HOW TO COMPLETE THIS TASK:
Beginning at the line that contains "MediaTek працює над", reproduce the entries below exactly, ending with the line that contains "Για Xiaomi 12". Omit each picture.

MATERIALS PROVIDED:
++++

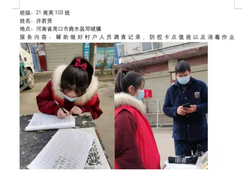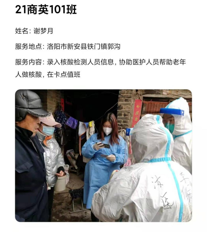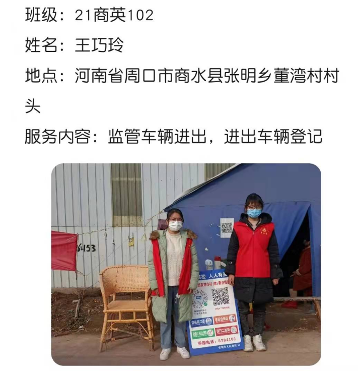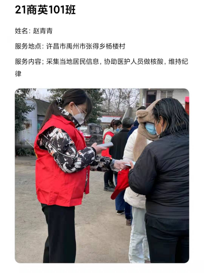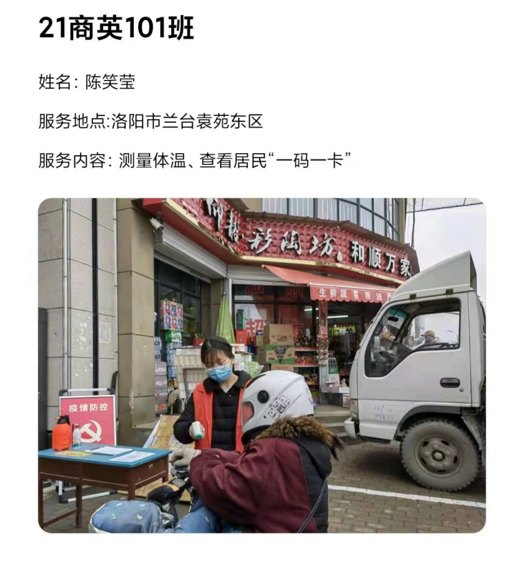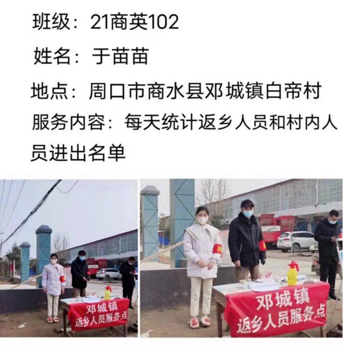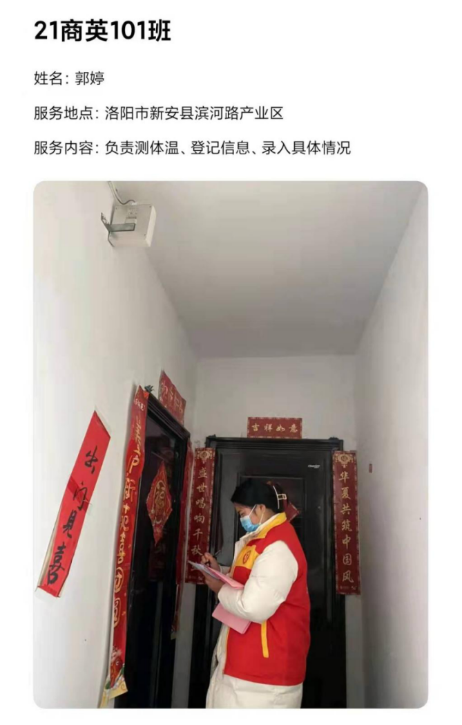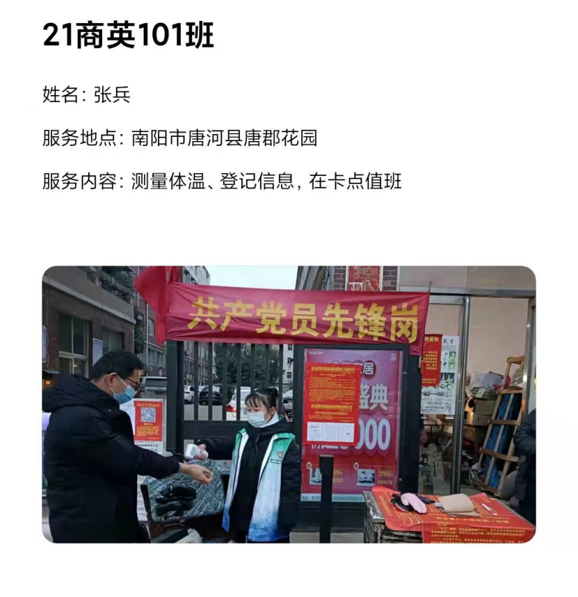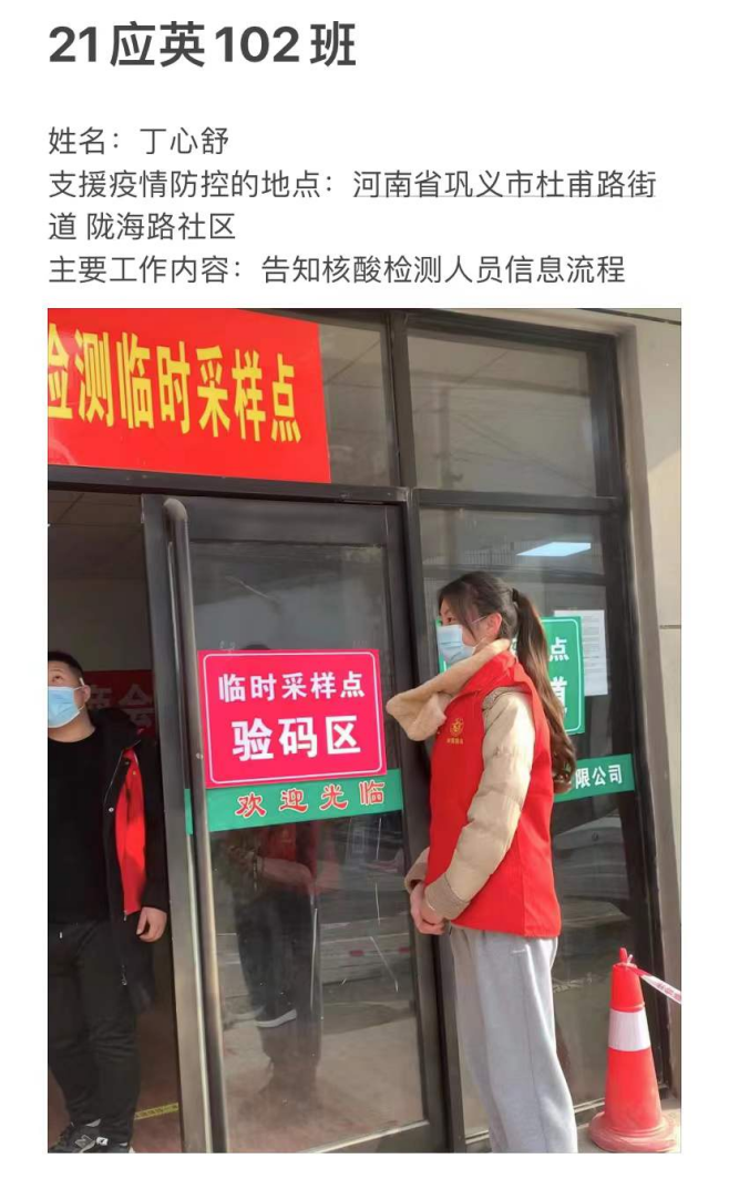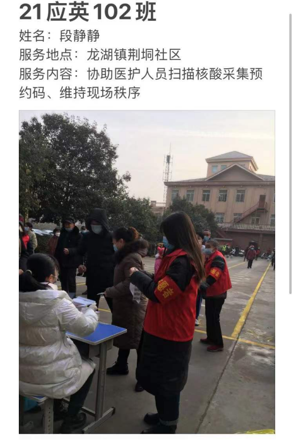 已经放假返回家乡的应用外语学院学子们,积极响应学校党委的号召,毅然加入志愿服务队伍,义无反顾投身家乡的社区疫情防控工作之中,用力所能及的方式为防控战疫出一份力,从核酸检测、体温测量、秩序维护到信息录入、物资搬运....疫情防控的每一条战线,都有我院青年敬业值守、默默奉献的身影。
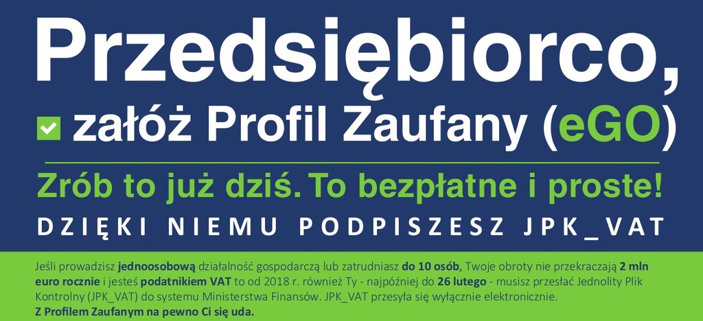 Jeżeli przedsiębiorcy już teraz założą Profil Zaufany będą dobrze przygotowani do wysyłki pierwszego JPK_VAT. Profil Zaufany da im gwarancję łatwego, szybkiego i bezpiecznego wysłania pliku JPK_VAT.
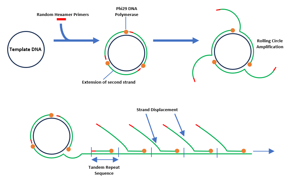 Rolling circle amplification (RCA) is an efficient isothermal amplification method for synthesizing ultralong ssDNA by using a circular DNA template and a primer to generate long, concatemeric DNA strands. A strand-displacing DNA polymerase (Phi29 DNA polymerase) continuously synthesizes DNA, moving around the circular template and producing multiple tandem repeats of the original sequence. This process yields high-molecular-weight DNA, making RCA ideal for applications such as genomic studies, molecular diagnostics, pathogen detection, and single-cell analysis.
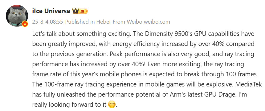 MediaTek працює над новим флагманським процесором Dimensity 9500 - чипом, виготовленим на базі TSMC N3P (3‑нм процесу). За новими витоками, компанія суттєво переробила відеоядро, що дозволило отримати до 40% приросту в іграх. GPU Mali-G1 Ultra MC12 отримає оновлену підтримку трасування променів при менших енергозатратах. Нова архітектура графіки отримала назву Immortalis-Drage і працює на частоті до 1 ГГц.
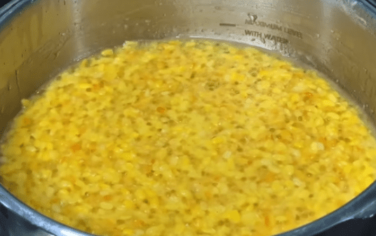 - அதில் சிறிதே சிறிது மட்டும் எண்ணெய் அல்லது நெய் சேர்த்துக் கொள்ளுங்க, [ இது பருப்பு எளிதாக, விரைவாக வெந்து வருவதற்கு உதவும்.]
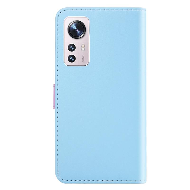 Για Xiaomi 12 Pro τρίχρωμη ραφή οριζόντια Flip δέρμα τηλέφωνο υπόθεση (Μπλε)
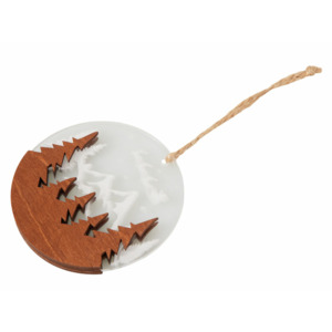 Элегантная подвеска, выполненная из сочетания прозрачного акрила и натуральной березовой фанеры. Комбинация материалов придаёт изделию лёгкость и современный дизайн, а натуральная текстура фанеры добавляет теплоту и уют. Идеальна для украшения ёлки, подарочной упаковки или интерьера. Такой сувенир станет стильным корпоративным подарком или праздничным акцентом, подчёркивая внимание к деталям и современный вкус.
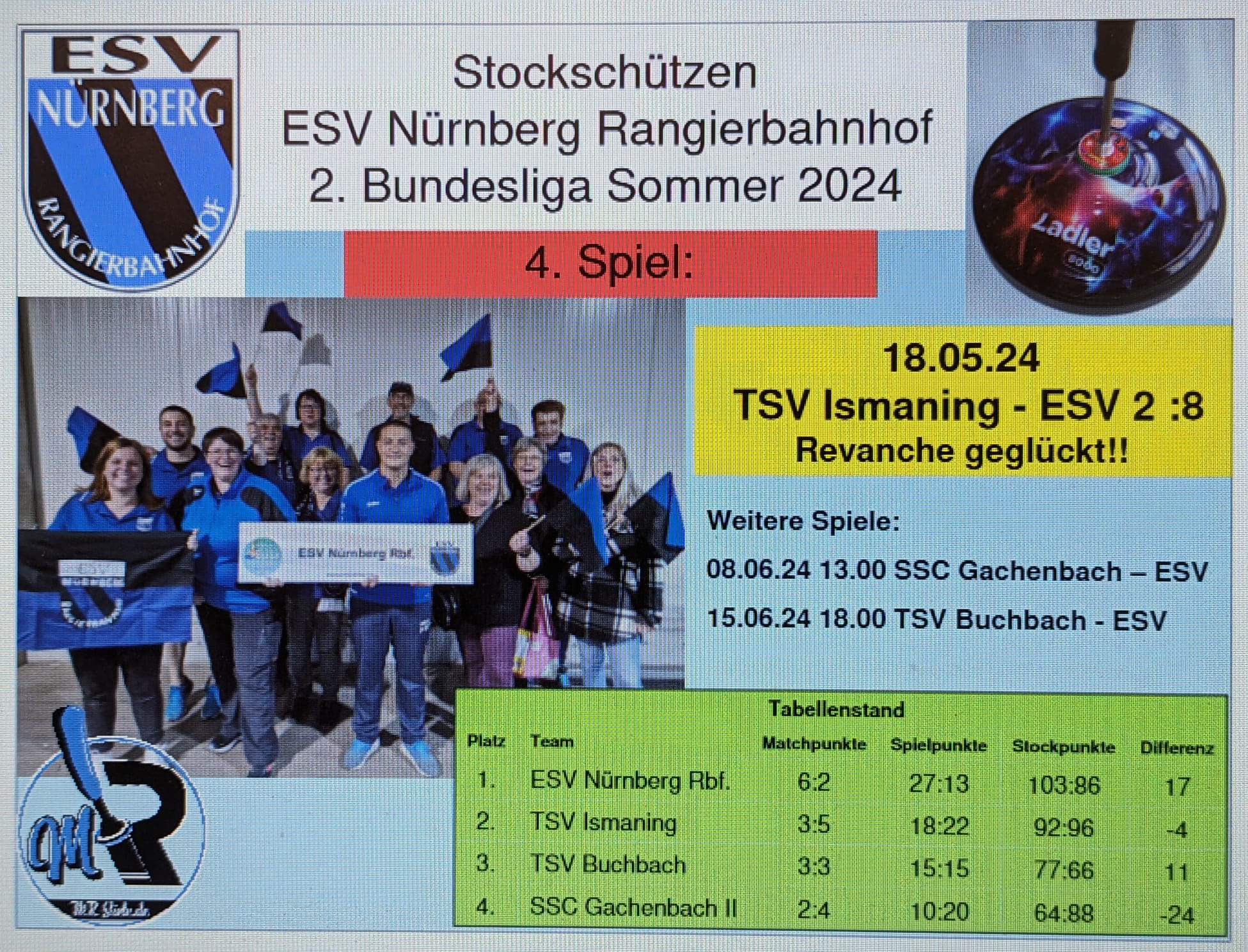 Der ESV Nürnberg Rbf. reist somit mit einem guten Gefühl zu den beiden Auswärtsspielen am 08.06.24 zum SSC Gachenbach II und am 15.06.24 zum TSV Buchbach.
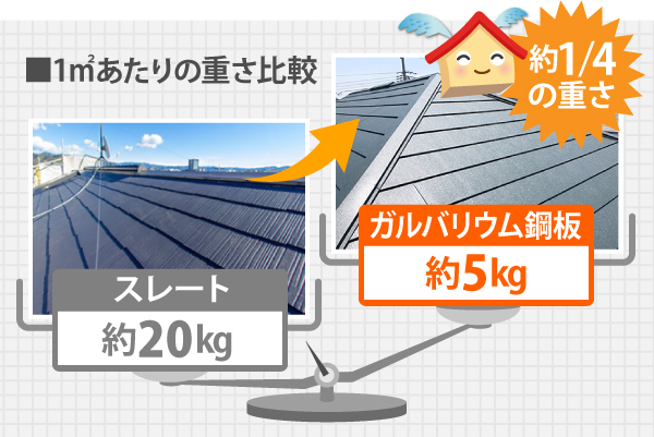 金属屋根はスレートの1/4程度の重量ですので、当然の流れとも言えますね。

++++

OUTPUT:
 MediaTek працює над новим флагманським процесором Dimensity 9500 - чипом, виготовленим на базі TSMC N3P (3‑нм процесу). За новими витоками, компанія суттєво переробила відеоядро, що дозволило отримати до 40% приросту в іграх. GPU Mali-G1 Ultra MC12 отримає оновлену підтримку трасування променів при менших енергозатратах. Нова архітектура графіки отримала назву Immortalis-Drage і працює на частоті до 1 ГГц.
 - அதில் சிறிதே சிறிது மட்டும் எண்ணெய் அல்லது நெய் சேர்த்துக் கொள்ளுங்க, [ இது பருப்பு எளிதாக, விரைவாக வெந்து வருவதற்கு உதவும்.]
 Για Xiaomi 12 Pro τρίχρωμη ραφή οριζόντια Flip δέρμα τηλέφωνο υπόθεση (Μπλε)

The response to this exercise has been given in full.